I am a 5th year PhD student in the Department of Computer Science at Columbia University. I am part of the Spoken Language Processing Group, directed by Dr. Julia Hirschberg. My current research involves identifying spoken cues to deception, and examining cultural and gender differences in the way that people communicate and perceive lies. I am currently funded through an NSF-GRFP fellowship and I am an IGERT fellow.
Last semester I co-taught a course called Computational Models of Speech and Language, along with Dr. Michelle Levine.
The goal of this work is to automatically detect deception using acoustic-prosodic and lexical-syntactic cues. We are interested in exploring the factors that play a role in deception and deception detection, such as culture, gender, and personality. Toward that end, we have collected a large corpus of deceptive and non-deceptive speech, comprised of conversations between adult native speakers of American English and of Mandarin Chinese. We are applying machine learning techniques to automatically identify deceptive statements, and exploring individual differences between cultures, genders, and personalities in deceptive behavior.
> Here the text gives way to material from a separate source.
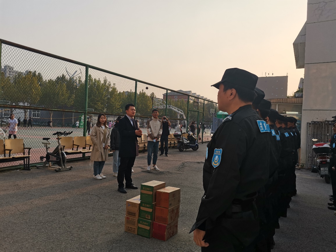 王栋梁表示,在疫情防控常态化背景下,学校保安队员“舍小家、为大家”,严格落实学校要求,全力守好校园安全第一道防线,为保障校园秩序和安全稳定做出了突出贡献。他代表学院师生对全体保安队员的辛勤付出致以衷心感谢。
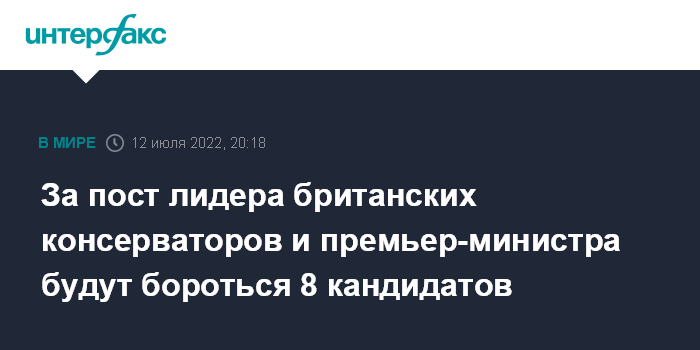Москва. 12 июля. INTERFAX.RU - Глава так называемого "комитета 1922" (парламентской группы от Консервативной партии в Палате общин Великобритании) сэр Грэм Брэди объявил полный список из восьми кандидатов на пост лидера Консервативной партии и, соответственно, премьер-министра страны, сообщает во вторник Sky News.

Collaborators: Julia Hirschberg, Andrew Rosenberg, Michelle Levine, Guozhen An
Automatic identification of speaker traits such as gender, age and emotional state from speech is an important problem for personalized speech-driven services. In this work, we present a novel approach that leverages pitch feature trajectories with the goal of identifying the speaker’s gender with as little speech as possible.
We use the f0 (fundamental frequency) trajectory, the most discriminative feature between male and female speech, but instead of computing summary statistics of the f0 trajectory, we use the entire trajectory as input to the classifier. We model these trajectories as “text” input with each token corresponding to the binned f0 value. Our results show that the trajectory approach can be useful for obtaining fairly accurate gender predictions with as little as one second of speech.
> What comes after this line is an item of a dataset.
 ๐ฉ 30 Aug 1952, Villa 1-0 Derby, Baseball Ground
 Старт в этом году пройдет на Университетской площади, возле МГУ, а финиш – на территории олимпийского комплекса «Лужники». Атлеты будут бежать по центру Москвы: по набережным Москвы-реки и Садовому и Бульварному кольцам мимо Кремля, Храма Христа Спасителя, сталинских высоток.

Collaborators: Taniya Mishra, Srinivas Bangalore
In conversation, people tend to become similar to their dialogue partner by adopting lexical, acoustic, prosodic, and syntactic characteristics of the interlocutor’s speech. Research shows that this phenomenon, known as entrainment, is associated with task success and dialogue quality. We studied entrainment patterns in the Supreme Court corpus, and examined relationships between trial success and entrainment between lawyers and justices. We used Amazon Mechanical Turk to preprocess the data and excise noisy areas in the audio files that skew the analysis process. We found that lawyers entrain more than justices, supporting the theory that the less dominant interlocutor is more likely to entrain to the more dominant speaker.
Collaborators: Julia Hirschberg, Rivka Levitan